2021 was the fifth hottest year on record. Wildfires burned 7.7 million U.S. acres, 2.6 million in our company’s headquarters state of California alone. Climate change demands attention and action from all of us.
Because data centers sit at the nexus of two of the biggest drivers of carbon emissions – energy production and construction – it is important to examine what we can do to lessen the impact. Of these, energy production is by far the biggest challenge for data centers. Estimates vary, but evidence suggests that data centers consume more than two percent of global electricity, and a similar share of carbon emissions. For example, a conventionally powered 10 MW data center is responsible for nearly 90,000 metric tons of CO2 annually at full operation. We cannot ignore captured carbon from construction itself either.
According to the Global Alliance for Buildings and Constructions, building materials and construction make up 10 percent of CO2 emissions. Demand continues to drive greater use of digital infrastructure, so it will continue to expand.
Commitments keep coming
More industry leaders continue to make and commit to progress with their data centers. Facebook, Google, and Microsoft are all high profile examples, and their commitments are worth investigating. Their efforts to drive energy efficiency, source low/zero-carbon energy and reduce waste and water usage are a testament what is possible and how far we must go.
There are still huge opportunities. Five high impact actions that exist for data center operators to drive sustainability include:
- Ensuring that all data centers are – or soon will be – powered by renewable energy. On-site renewable energy production, primarily solar and wind, is both feasible and desirable at many data center sites to decrease carbon impacts, electricity costs and the burden on local power grids. As on-site production usually only covers a portion of the energy needed to power a site, utilizing renewable energy Power Purchase Agreements (PPAs) can also be effective. PPAs also have the added benefit of helping finance renewable energy infrastructure in general.
- Increasing efficiency will go a long way to mitigating the amount of energy needed by energy-hogging data centers. According to reports, around 40 percent of a data center's energy consumption goes into powering its cooling and ventilation systems. As server densities increase, the challenges and costs of existing air-cooling solutions are only going to increase. Research shows that the amount of power needed to cool data centers can be reduced significantly by simply moving to water-cooling servers. Even more impressive are the latest phase change systems that have been shown to achieve a constant PUE of 1.02 (vs. 1.5 or higher for air-cooling), the lowest of any system in the world. Utilizing liquid cooling technologies in new data center builds, or in retrofits of existing facilities, can dramatically reduce energy consumption.

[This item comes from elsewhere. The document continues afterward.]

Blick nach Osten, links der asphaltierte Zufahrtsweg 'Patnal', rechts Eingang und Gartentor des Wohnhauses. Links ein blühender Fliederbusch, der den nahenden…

- Examining utilization rates is also key. Alongside cooling, another perennial headache for operators outside of the hyperscale market is utilization. According to one report, nearly 60 percent of the servers surveyed were either ‘zombies’ or idle. Resting servers use between 50 and 70 percent of peak power, which means that 30-40 percent of the electricity for servers is going to power machines that are literally doing nothing. There is no one answer to this issue – it will take a coordinated effort to solve the problem. From the operator side, actions range from identifying zombie servers and notifying users so they can be killed, to helping users better match resources to needs, to structuring hosting contracts so that they reduce the amount of dedicated (read: idle) resources required. All of these actions are simple but have an enormous potential impact.

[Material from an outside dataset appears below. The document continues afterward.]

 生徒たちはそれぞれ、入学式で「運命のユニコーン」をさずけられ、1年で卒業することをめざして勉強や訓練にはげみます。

- Shifting to modular construction for new builds can dramatically reduce construction waste, which is responsible for roughly 40 percent of landfill waste, according to the US Environmental Protection Agency (EPA). With new commercial construction generating around 3.9 pounds of waste per square foot, modular construction can reduce that waste by up to 90 percent, thanks to its off-site construction approach.
- Focusing on the sourcing of “healthier” materials may be the last and least obvious, but only because its impact is hidden from view. Scope 3 Emissions related to materials used in the construction of data centers can add substantially to the lifetime carbon impact of those facilities. Sourcing manufactured items like turbines, compressors and transformers from vendors prioritizing low-carbon production can have a significant effect on sustainability.
More actions
In addition to these steps, there are actions we can take as an industry to help drive sustainability across the board:
- Reinvigorate industry groups and initiatives like the Green Grid and the Climate Neutral Data Centre Pact to drive development of the next generation of sustainability standards and practices across the data center industry.
- Track and manage sustainability impacts using tools such as the Embodied Carbon in Construction Calculator (EC3), the Smart Water Navigator and Microsoft’s Cloud for Sustainability. That said, we need to push to ensure that more and better tools are created to make managing environmental impact just as important in the future as managing financial impact is today.
Collectively we need to push further. Currently, sustainable building approaches often take a back seat to alternatives that have a lower financial cost, but a higher environmental impact. However, as experience with LEED shows, sustainable approaches can increase financial returns over the life of a building – making sustainability a win/win for developers and the planet. There are strong reasons to believe that the same dynamics will play out in the data center industry over the coming years.
Our role in building of some of the industry’s greenest projects and data centers are only the beginning. We will continue to advocate for sustainability and find innovative ways to be part of the solution. This work is already making a difference, and if we come together to do our part, the impact can be bigger than the problem we are trying to solve.